More importantly, they are raising consciousness of fundamental problems that can lead to very damaging consequences by doing cheap pranks with trivial consequences.
I use a robot vacuum not connected to the internet. It has a remote and the same settings as an internet connected robot vacuum such as radial pattern, along edges, spot clean, etc. I hope it spurs people to consider these kinds of tools that don’t need to be connected to the internet to function over tools that don’t have a local/offline mode.
this whole subthread is upsetting. horrifying to see HN glorify the antagonist. the family was made to feel unsafe in their own home. yes, the manufacturer was negligent but that does not make it okay, it just means multiple parties are at fault. don't spin roomba terrorists as do-gooders. this teenage hacker was spreading hate and fear.
My Roborock has a three button combination you have to press on the bot to enable remote viewing. I suppose once you do that all bets are off. But at least it requires access to the hardware and is off by default. Better if you could configure it to disable again after each use or periodically.
I'd really want this feature to keep an eye on my pets if I work away from home again. I could see buying a bot just for that.
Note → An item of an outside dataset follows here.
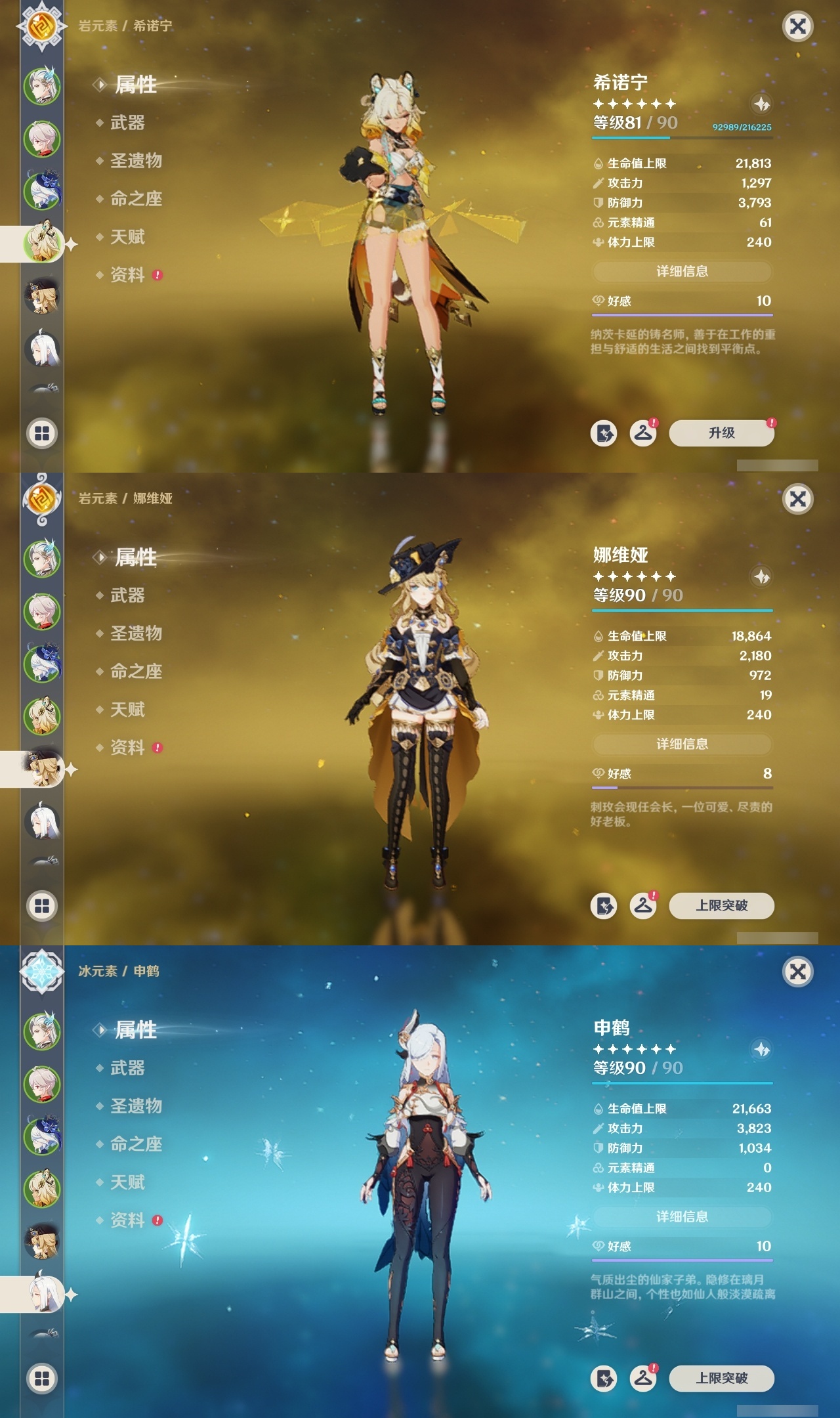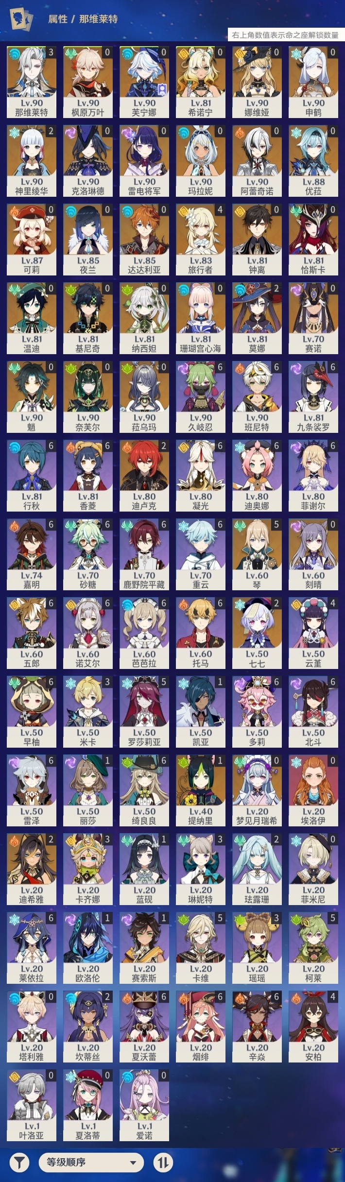 【原神】【lyys11434】冒险等级:60,五星数量:50,五星角色:琴 5命那维莱特 3命迪希雅 2命迪卢克 2命莫娜 2命七七 2命神里绫华 2命提纳里 1命玛拉妮基尼奇珊瑚宫心海希诺宁温迪恰斯卡优菈钟离达达利亚梦见月瑞希申鹤夜兰芙宁娜娜维娅赛诺阿蕾奇诺纳西妲菈乌玛奈芙尔枫原万叶魈克洛琳德可莉刻晴雷电将军__五星武器:狼的末路 2精冲浪时光岩峰巡歌星鹫赤羽苇海信标万世流涌大典有乐御簾切阿莫斯之弓飞雷之弦振四风原典天空之卷天空之刃赤角石溃杵息灾圣显之钥千夜浮梦__四星角色:班尼特 6命行秋 6命九条裟罗 6命香菱 6命久岐忍 6命鹿野院平藏 6命凝光 6命迪奥娜 6命砂糖 6命绮良良 6命莱依拉 6命多莉 6命芭芭拉 6命早柚 6命托马 6命五郎 6命烟绯 6命重云 6命辛焱 6命诺艾尔 6命雷泽 6命菲谢尔 6命北斗 6命夏沃蕾 6命嘉明 6命柯莱 5命卡维 5命罗莎莉亚 5命云堇 4命卡齐娜 3命瑶瑶 3命米卡 3命琳妮特 3命珐露珊 2命坎蒂丝 2命欧洛伦 1命蓝砚 1命赛索斯 1命埃洛伊菲米尼夏洛蒂塔利雅爱诺

My pup would be tormented by the vacuum following it around while I'm not there. She gets freaked out enough by a stationary PTZ camera on my bookshelf.
Right. But the actual use case of being able to sell your home's floorplan and general cleaning schedule/behaviors/etc to advertisers requires cloud functionality, so you need some fig leaf to cover up the requirement...
I agree, local only would be great. But that's not aligned with the "sell a product once, sell the data collected forever!" model that most modern consumer tech products operate on.
Maybe a step further for privacy: a physical "config mode" toggle on top of the vacuum that enables the BlueTooth radio for a point-to-point connection with the phone app, then toggle it back when you're done. Wouldn't prevent the vacuum from caching data during its work and sending it when in config mode though, I suppose.
Maybe the fact it shows how these devices can spy might educate people on what IoT's are doing all day every day in their homes and around their kids. Would this be considered hactivism?
I'm half curious if they got some of the idea from Michael Reeves [1].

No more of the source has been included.